Tips from the American Journal of Pathology

Published: Thursday, January 22, 2009 - 06:56 in Health & Medicine

Novel Biomarker of Metastatic Bladder Cancer A group led by Dr. Dan Theodorescu at the University of Virginia has identified a novel biomarker for metastatic bladder cancer. They report these findings in the February 2009 issue of The American Journal of Pathology.

Bladder cancer is the fifth most commonly diagnosed cancer in the United States. It commonly spreads to both the lung and the liver. This metastasis significantly increases the risk of the disease; however, little is known about what causes either general or organ-specific metastasis.

Smith et al generated bladder cancer cell lines that specifically metastasized to either the lung or the liver. They then identified genes that were expressed in either the lung- or liver-specific line, as well as expressed genes that were shared between the two lines. One such gene, Laminin V gamma 2 (LAMC2), was upregulated in both lung- and liver-specific cell lines, as well as in human tumors.

Dr.
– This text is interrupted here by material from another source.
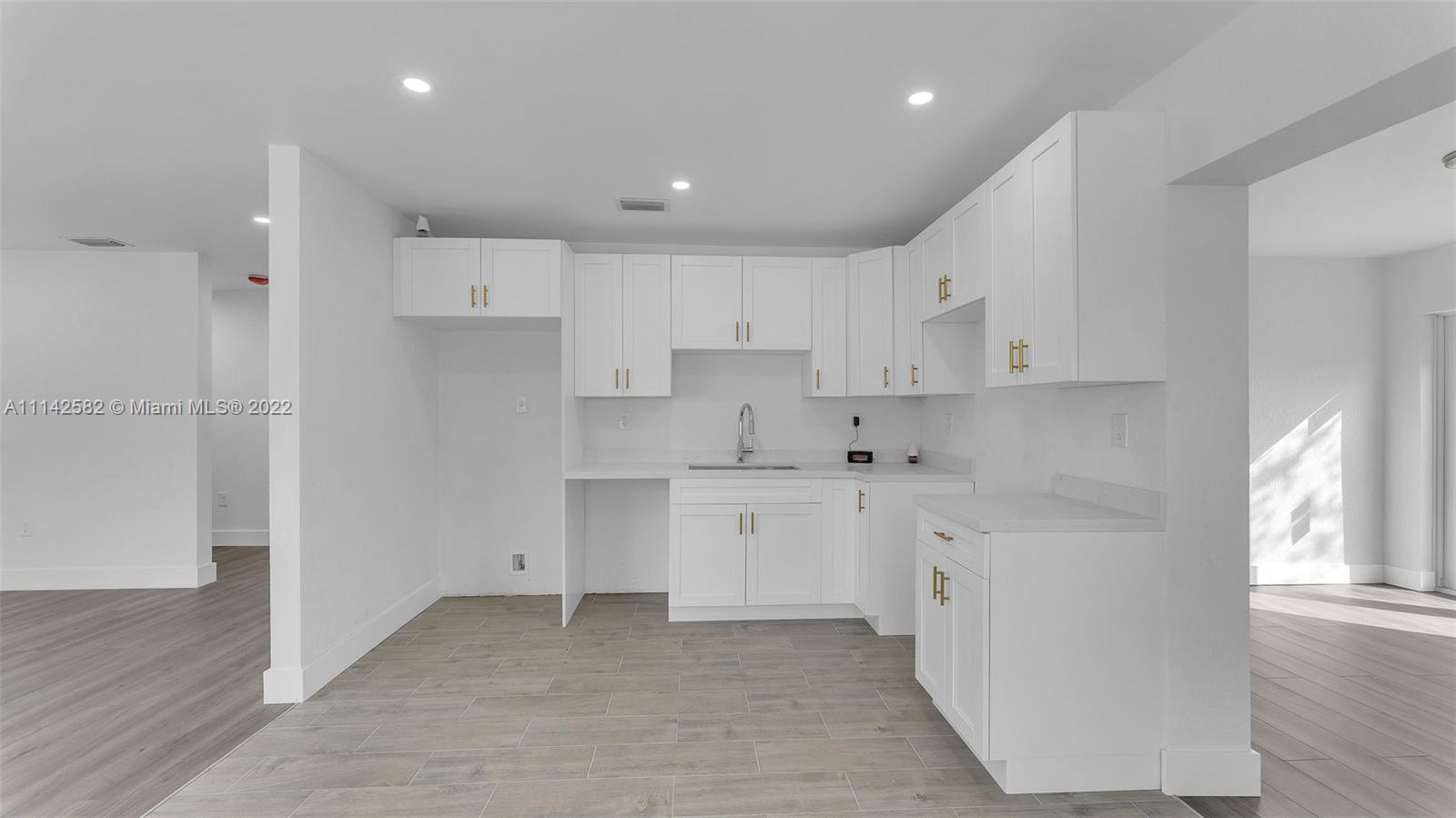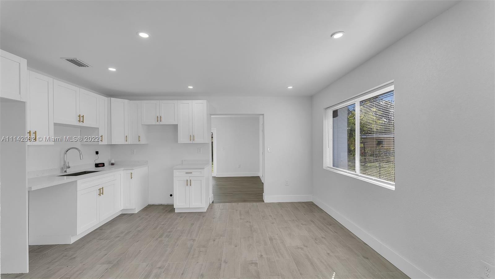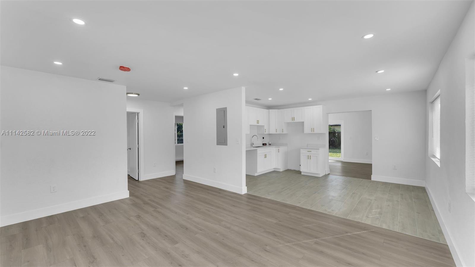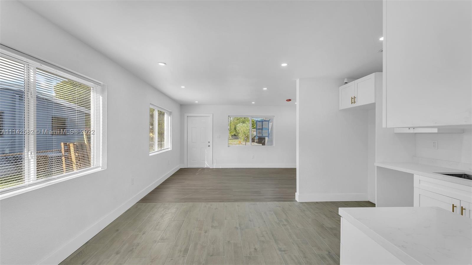 New roof, new impact windows and doors, new kitchen cabinets and countertops, new ceramic floors in the kitchen area and laminate floors in rest of living area, new baseboards, interior doors, interior and exterior paint, knockdown walls, smoke alarms and recess lights, living room, dining area, and family room, enclosed laundry area, new grass all over the property, this property is completely move in ready.

Theodorescu and colleagues "found genes whose expression differed based on the metastatic organ site from which they were derived, but also include a core metastatic signature shared between the sites. Several of these suggest therapeutic targets, and some, such as LAMC2, provide novel insights regarding the different routes of metastasis."

Smith SC, Nicholson B, Nitz M, Frierson, Jr HF, Smolkin M, Hampton G, El-Rifai W, Theodorescu D: Profiling bladder cancer organ site specific metastasis identifies LAMC2 as a novel biomarker of hematogenous dissemination. Am J Pathol 2009, 174:371-379


New Molecular Target for Asthma Therapy

Researchers led by Dr. Sem Phan at the University of Michigan discovered that stem cell factor (SCF) plays a critical role in airway remodeling in asthma. This report can be found in the February 2009 issue of The American Journal of Pathology.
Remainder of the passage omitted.